This, of course, is true of any large resort; but in Aspen, the sense of being a transient stranger is heightened by the natural difficulties of the terrain and the hazards of the climate. After a heavy snowfall, the smaller roads are blocked. Should you feel like exploring some of the nearby ghost towns, such as Ashcroft, Independence or Ruby, you can't. What you can do, however, if you're looking for respite from the slopes or from the clattering of beer mugs, is explore what little is left of the old Aspen—the Victorian houses that were built to last forever, the ruins of the mining equipment that lies by the river (there's supposed to be an old locomotive somewhere behind the courthouse, but I couldn't find it)—and play the popular tourist game of searching for the bullet (continued on page 212)Skiing: from A to V(continued from page 108) holes in the upper façade of the Red Onion Saloon.
Fortunately, Aspen's one-faceted nature is at least partially redeemed by the character of its best inns and restaurants. Magnificent accommodations at the first and some of the best food in the country at the second.
The quickest way to get a confirmed hotel reservation in town is to dial (303) 925-3122. This is the number for Incons, a data-processed reservations system that links every Aspen hotel to a central switchboard. The caller merely states his requirements—say, a two-room suite on the ground floor of a chalet, with a fireplace in the living room and use of sauna and swimming pool. All are located within a 15-minute walk of a ski lift and cost from $10 to $50 daily— and, if the space is available, the operator will confirm dates and prices on the spot.
Condominiums—apartments rented by private owners and managed by the professional staff of the building—usually offer the most luxurious accommodations. If you're traveling with half a dozen friends, this can also be the best bargain; because for around $80 a day, you can rent a three-bedroom apartment, carpeted in white and equipped with expensive furniture and a Roman bath. At the Aspen Alps, the Green Mountain Suite has a tiered and carpeted floor in the living room, built in a rising semicircle around a fireplace, so that it looks somewhat like a small amphitheater. It's also known as Celebrity Manor. Among its famous guests over the years have been Bishop Pike, Adam (Batman) West, John Wayne, Jill St. John and Hugh M. Hefner.
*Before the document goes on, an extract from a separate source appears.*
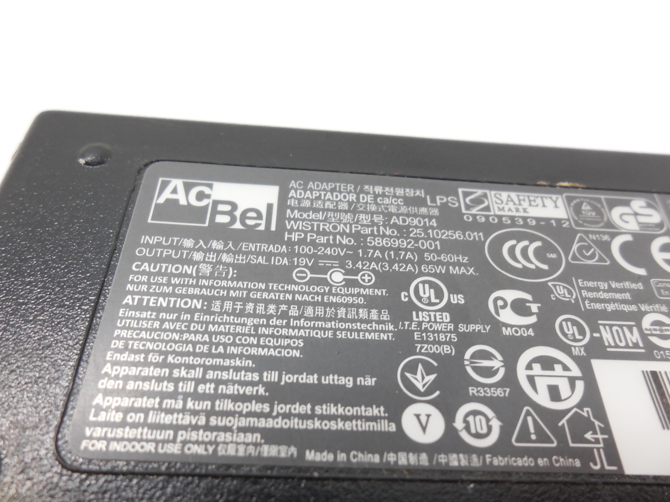 Зарядное устройство для ноутбука AC/DC Adapter AcBel AD9014 (P/N: 586992-001 ) /Output: 19V (3.42A)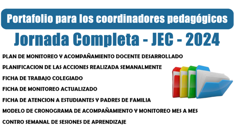 ActualidadCarrera Docente MIGUEL ANGEL 5 junio, 2024 Portafolio para los coordinadores pedagógicos en las IE. de Jornada Completa – JEC – 2024 Read More

At Aspen Meadows, which describes itself as a community rather than a hotel, you can rent an entire house— accommodating six comfortably and very tastefully decorated, too—for $90 a day, which includes use of the sauna and steam baths in the Aspen Meadows Health Center. The Meadows is about a five-minute drive south of Aspen, close enough to enjoy the town's noisier distractions but, for those who like to keep such pleasures within easy reach but at arm's length, not too close. The views are sensational and the newly renovated Four Seasons restaurant can be depended upon for the very best French and American dishes. This isn't the big party scene, but if you're looking for civilized company in an unhustled atmosphere, it's ideal.
The youngest and most impoverished visitors to Aspen stay in dormitories, where accommodations run from the equivalent of a seedy campus boarding-house, such as the Independence, to the Garret, which gives you just enough space to stretch out a sleeping bag. These are probably the most uninhibited digs in town, but they're far from fancy and anyone over 25 tends to be regarded with suspicion.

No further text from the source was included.